• About this task: For the entries below, copy exactly the line that contains "예를 들면, 29선물하기" through the line that contains "While Lloyd was", both ends included, and exclude all pictures.

• The data:
****************

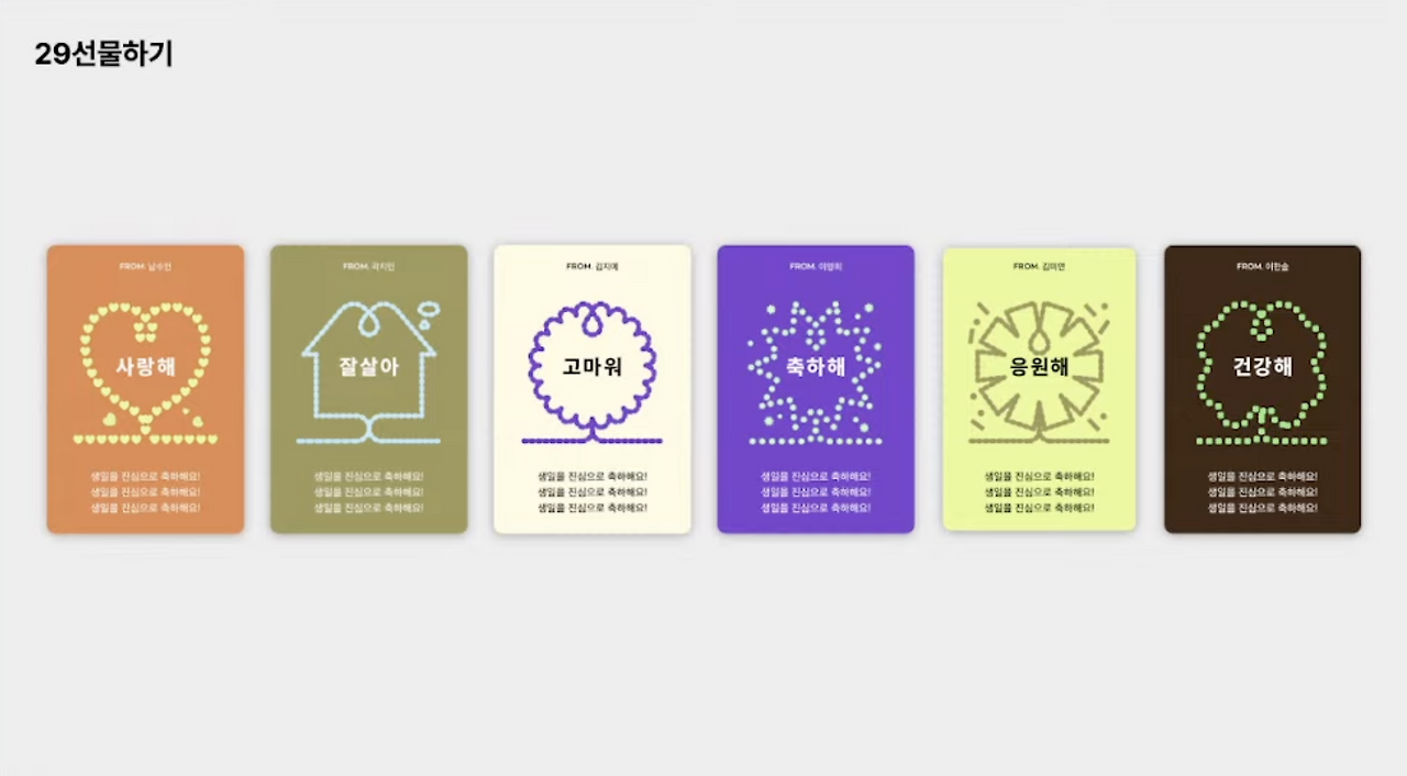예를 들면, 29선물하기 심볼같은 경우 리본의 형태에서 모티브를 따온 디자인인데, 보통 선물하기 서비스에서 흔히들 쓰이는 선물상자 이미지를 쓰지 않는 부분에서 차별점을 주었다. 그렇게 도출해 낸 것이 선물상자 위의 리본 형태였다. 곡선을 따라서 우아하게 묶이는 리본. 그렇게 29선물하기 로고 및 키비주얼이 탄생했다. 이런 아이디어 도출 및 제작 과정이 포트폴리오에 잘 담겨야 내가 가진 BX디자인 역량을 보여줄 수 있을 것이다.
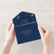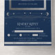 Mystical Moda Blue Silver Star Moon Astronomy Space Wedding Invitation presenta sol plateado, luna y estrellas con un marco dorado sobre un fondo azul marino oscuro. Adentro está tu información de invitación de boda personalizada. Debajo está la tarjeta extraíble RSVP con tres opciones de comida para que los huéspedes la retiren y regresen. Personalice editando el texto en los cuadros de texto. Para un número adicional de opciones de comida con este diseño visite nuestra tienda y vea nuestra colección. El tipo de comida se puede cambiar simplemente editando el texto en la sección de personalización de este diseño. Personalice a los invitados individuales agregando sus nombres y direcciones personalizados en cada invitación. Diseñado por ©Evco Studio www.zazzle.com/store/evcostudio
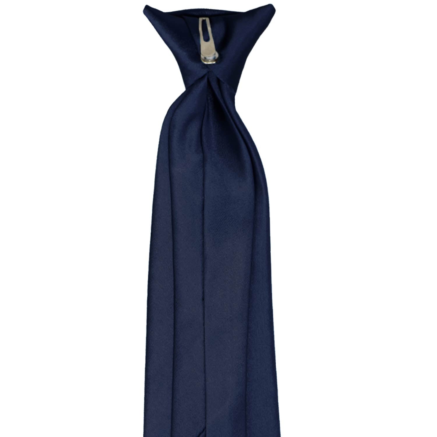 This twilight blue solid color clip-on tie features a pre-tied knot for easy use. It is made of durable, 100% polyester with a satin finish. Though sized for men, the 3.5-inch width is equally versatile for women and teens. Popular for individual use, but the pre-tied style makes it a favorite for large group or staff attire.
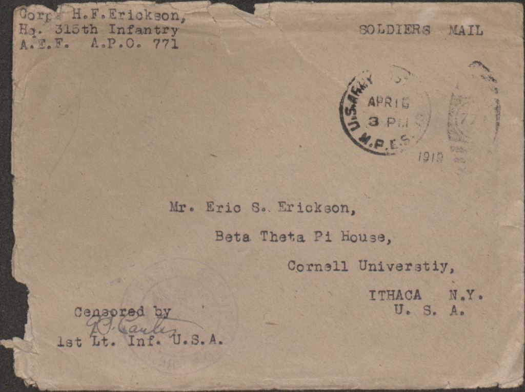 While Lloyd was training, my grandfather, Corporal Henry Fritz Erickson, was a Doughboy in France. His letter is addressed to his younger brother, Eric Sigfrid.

****************

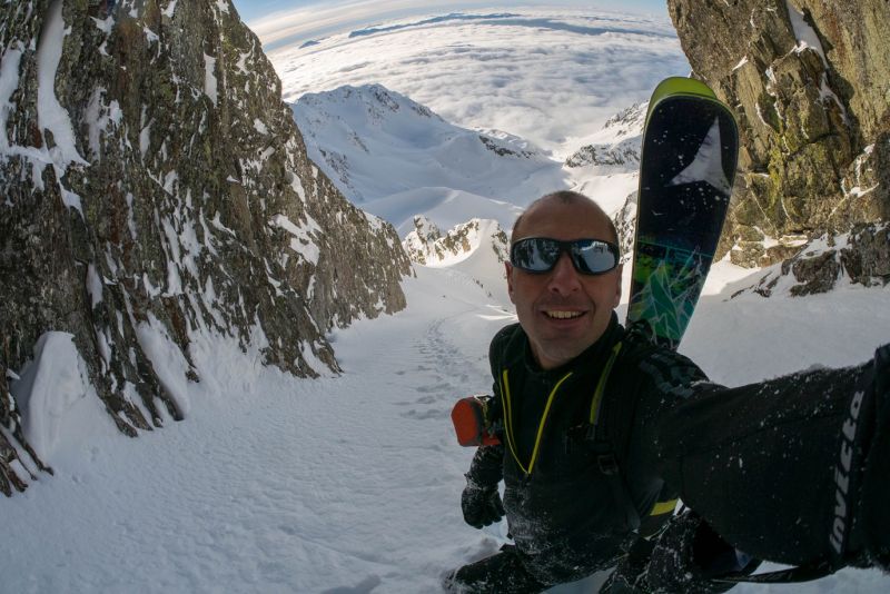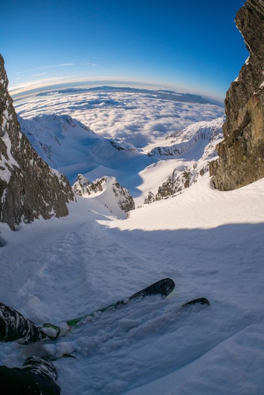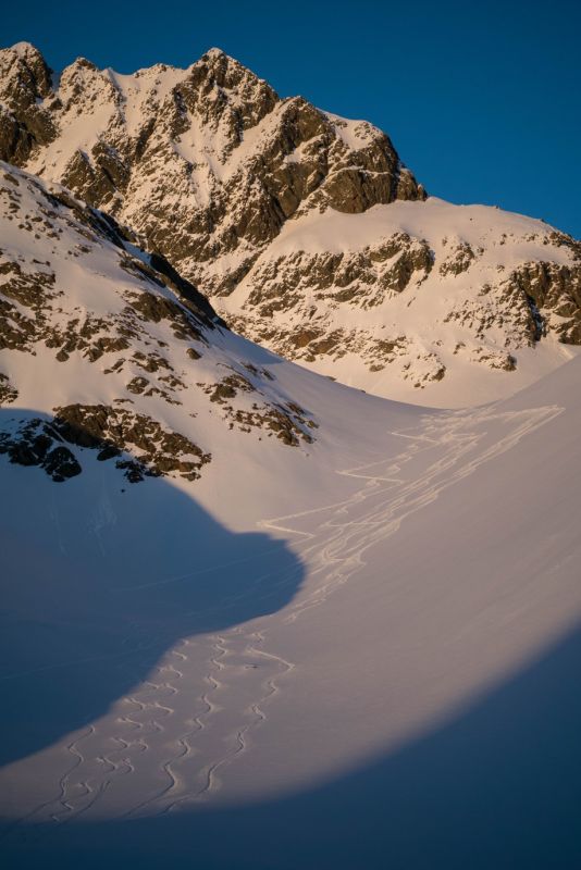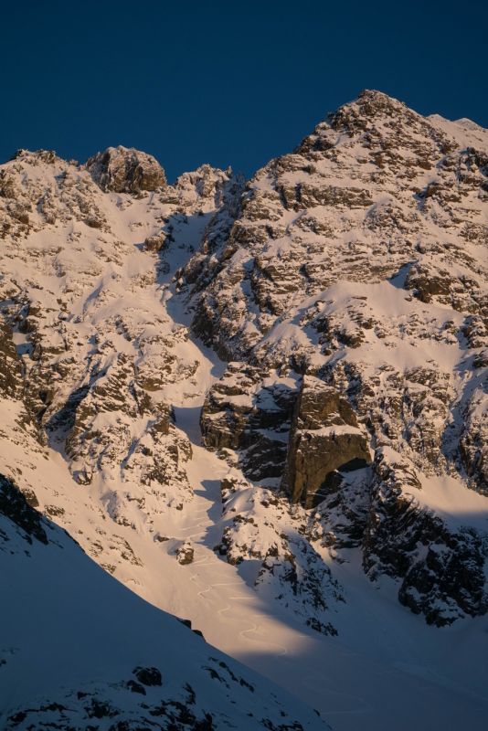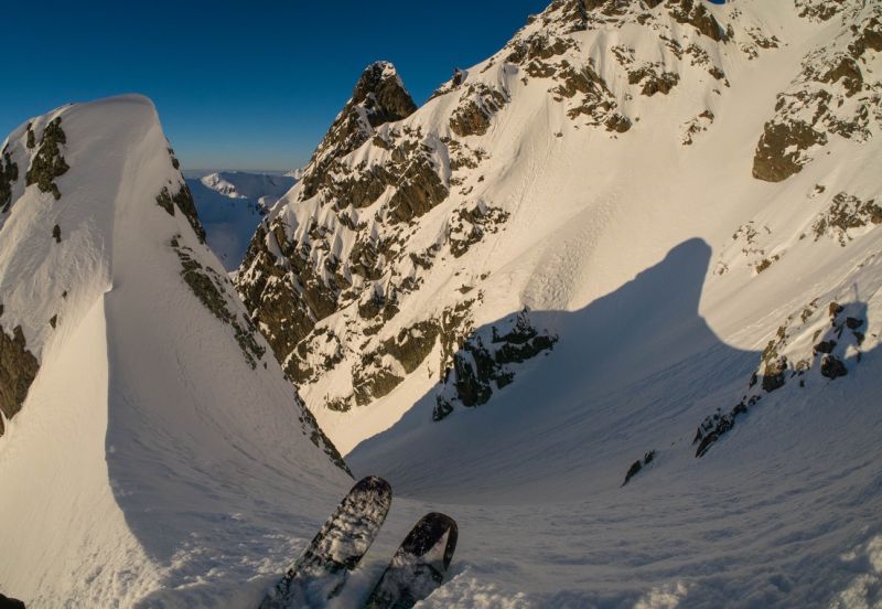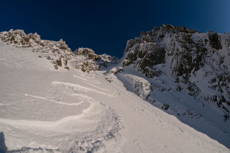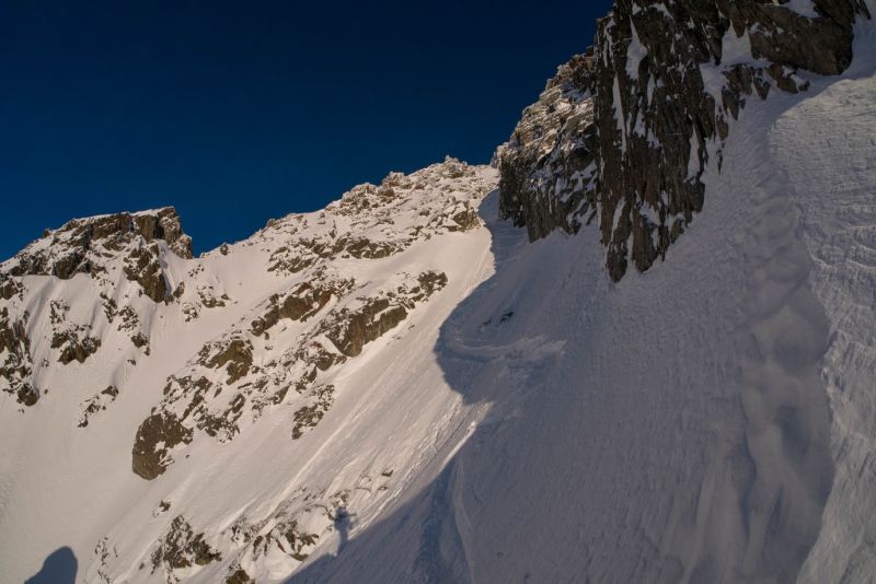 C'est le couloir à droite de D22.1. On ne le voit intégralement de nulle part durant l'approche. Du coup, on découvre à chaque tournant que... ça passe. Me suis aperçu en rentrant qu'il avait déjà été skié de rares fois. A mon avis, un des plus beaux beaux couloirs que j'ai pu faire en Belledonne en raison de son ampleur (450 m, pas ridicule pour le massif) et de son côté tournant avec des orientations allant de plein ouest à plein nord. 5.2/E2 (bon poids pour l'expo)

****************

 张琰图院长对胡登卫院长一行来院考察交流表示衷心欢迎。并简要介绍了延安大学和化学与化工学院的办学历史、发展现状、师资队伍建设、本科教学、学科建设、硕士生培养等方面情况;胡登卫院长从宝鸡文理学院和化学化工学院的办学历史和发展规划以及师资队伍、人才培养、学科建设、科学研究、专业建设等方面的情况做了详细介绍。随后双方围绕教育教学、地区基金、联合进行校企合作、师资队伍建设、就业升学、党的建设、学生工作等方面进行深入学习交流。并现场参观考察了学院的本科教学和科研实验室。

****************

• Response:
예를 들면, 29선물하기 심볼같은 경우 리본의 형태에서 모티브를 따온 디자인인데, 보통 선물하기 서비스에서 흔히들 쓰이는 선물상자 이미지를 쓰지 않는 부분에서 차별점을 주었다. 그렇게 도출해 낸 것이 선물상자 위의 리본 형태였다. 곡선을 따라서 우아하게 묶이는 리본. 그렇게 29선물하기 로고 및 키비주얼이 탄생했다. 이런 아이디어 도출 및 제작 과정이 포트폴리오에 잘 담겨야 내가 가진 BX디자인 역량을 보여줄 수 있을 것이다.
 Mystical Moda Blue Silver Star Moon Astronomy Space Wedding Invitation presenta sol plateado, luna y estrellas con un marco dorado sobre un fondo azul marino oscuro. Adentro está tu información de invitación de boda personalizada. Debajo está la tarjeta extraíble RSVP con tres opciones de comida para que los huéspedes la retiren y regresen. Personalice editando el texto en los cuadros de texto. Para un número adicional de opciones de comida con este diseño visite nuestra tienda y vea nuestra colección. El tipo de comida se puede cambiar simplemente editando el texto en la sección de personalización de este diseño. Personalice a los invitados individuales agregando sus nombres y direcciones personalizados en cada invitación. Diseñado por ©Evco Studio www.zazzle.com/store/evcostudio
 This twilight blue solid color clip-on tie features a pre-tied knot for easy use. It is made of durable, 100% polyester with a satin finish. Though sized for men, the 3.5-inch width is equally versatile for women and teens. Popular for individual use, but the pre-tied style makes it a favorite for large group or staff attire.
 While Lloyd was training, my grandfather, Corporal Henry Fritz Erickson, was a Doughboy in France. His letter is addressed to his younger brother, Eric Sigfrid.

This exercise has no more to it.